Beside him, her shivering slowed, then stopped. Color crept back into her cheeks. Her hands dropped from the vents to her lap, flexing experimentally as the feeling returned.

"Where are we going?" she asked finally.

"My condo."

"Your—" She sat up straight. "Tarmek. No. Take me to a hotel. Or a shelter. Or literally anywhere that isn't your personal residence."

"Hotels are probably booked with stranded travelers. Shelters will be overwhelmed. You're coming to my condo."

"That's not appropriate."

"Neither is freezing to death. I think inappropriate wins."

She opened her mouth to argue, then closed it again. She crossed her arms over her chest, and stared pointedly out the window at the nothing that was visible beyond the glass.

"You're very high-handed," she said. "Has anyone ever told you that?"

"Frequently."

"Good. I want it on record."

"Noted."

Silence settled between them, broken only by the grind of the wipers and the howl of the wind. He kept his eyes on the road, his hands steady on the wheel, and tried not to think about how right it had felt to pick her up and physically remove her from danger with his own two hands.

Orc instincts. That's all it was. Protective instincts deeply ingrained by millennia of evolution. Nothing personal. Nothing to do with the way her weight had settled against his chest like it belonged there.

The small condo building appeared through the snow. Only four units, built into the hillside with floor-to-ceiling windows that offered spectacular views of nothing, at the moment. Far enough out of town for privacy but close to the arena

He pulled into the underground garage and killed the engine.

"We're here," he said unnecessarily.

She looked at the garage door, then at him.
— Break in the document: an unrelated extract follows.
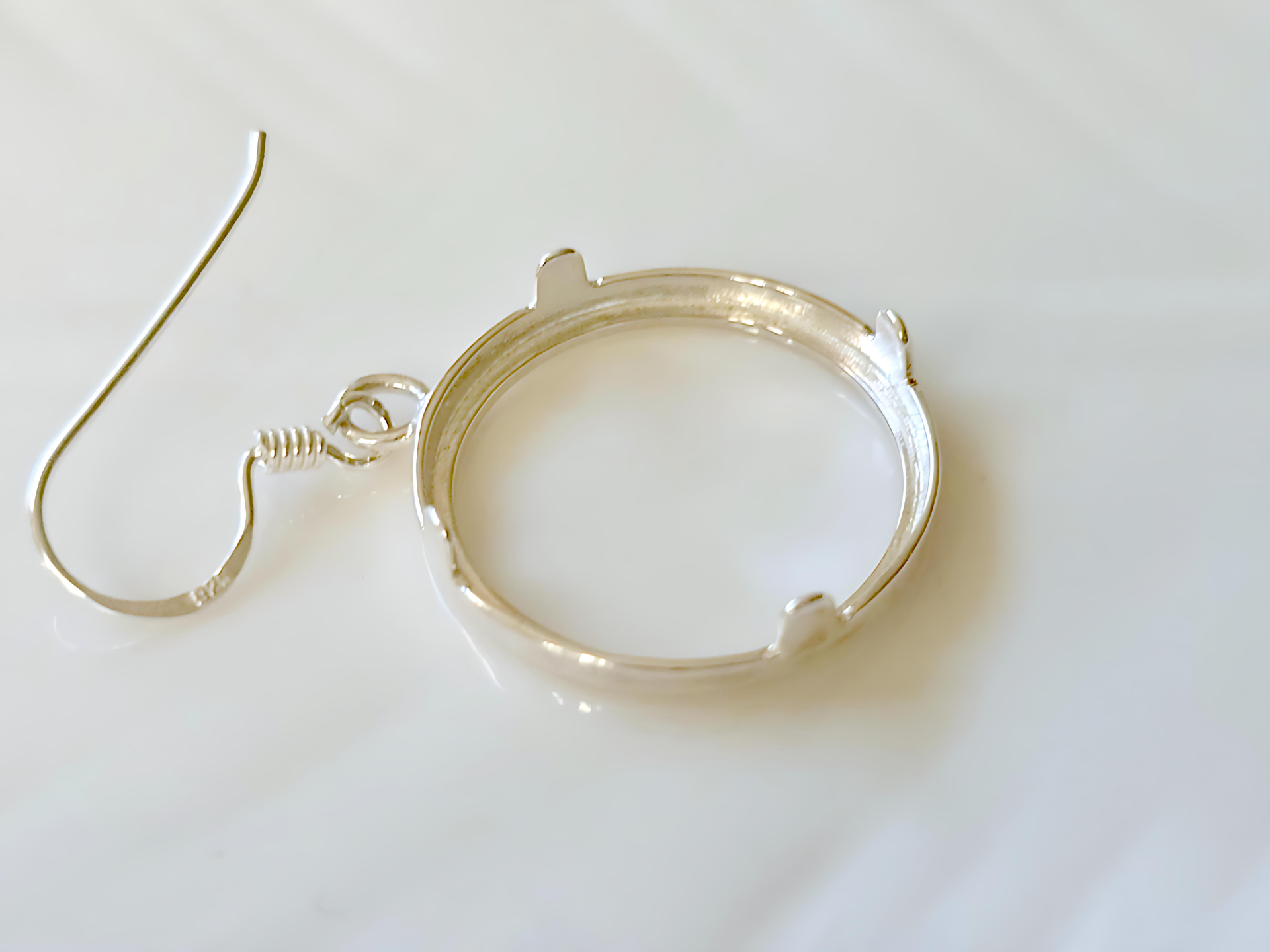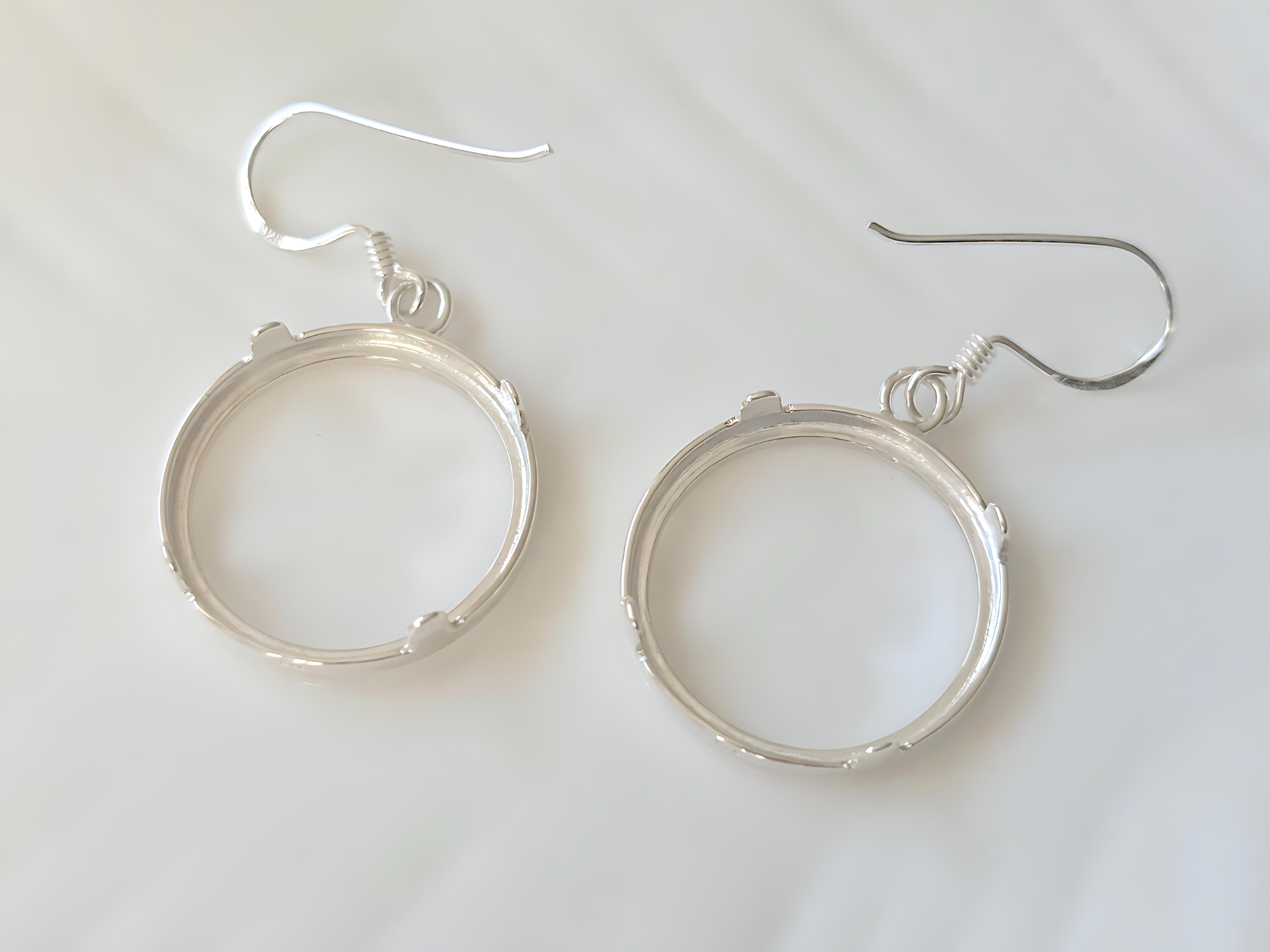 925 Sterling Silver Prong Back Round Edge Bezel Earring for 18mm Dime 10 Cent Coins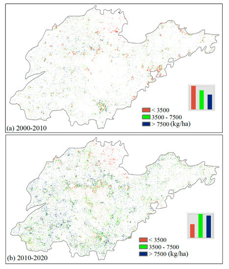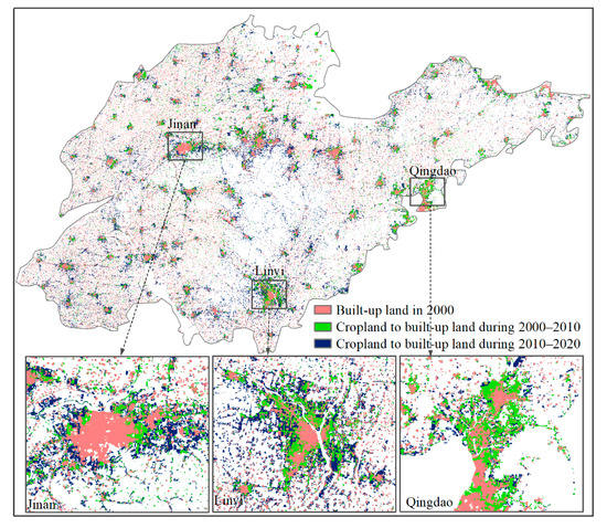 The spatial distribution of cropland occupied by built-up land during 2000–2010 and 2010–2020 is shown in Figure 4. The occupation of cropland by built-up land expansion concentrated around the existing built-up land. Higher tier cities in Shandong Province such as Jinan, Qingdao, and Linyi witnessed remarkable cropland losses from built-up land expansion (the bottom of Figure 4). This means the urbanization of mega-city has resulted in considerable cropland loss. In addition, some tiny scale cropland loss also appeared around the small towns or villages. Compared with the period of 2000–2010, the cropland loss to built-up land had expanded from the core of cities to the periphery during the period of 2010–2020.

Her expression was unreadable in the dim light.

"Fine," she said finally. "But I want it noted that I'm only agreeing because the alternative is turning into a human popsicle."

"Noted."

"And I'm leaving as soon as the storm clears."

"Also noted."

"And if you try to carry me anywhere else without my explicit permission, I will bite you."

That didn't sound as threatening as she probably hoped. His mouth twitched despite himself. "Understood."

She unbuckled her seatbelt and reached for the door handle, then paused and turned back to look at him.

"Thank you," she said quietly. "For checking on me. Even though you're incredibly infuriating about it."

He held her gaze for a moment longer than necessary.

"You're welcome," he said. "Even though you're incredibly stubborn about accepting help."

Her lips curved into something that was almost a smile. "That's fair."

She got out of the truck. He followed with her bags, his mind already running through logistics—the guest room would need fresh sheets, she'd need warm clothes, he should probably make soup or something humans ate during storms—while some deeper part of him, the part he was trying very hard not to acknowledge, settled into something that felt dangerously like satisfaction.

She was here. She was safe. She was under his roof.

And the storm wasn't letting up anytime soon.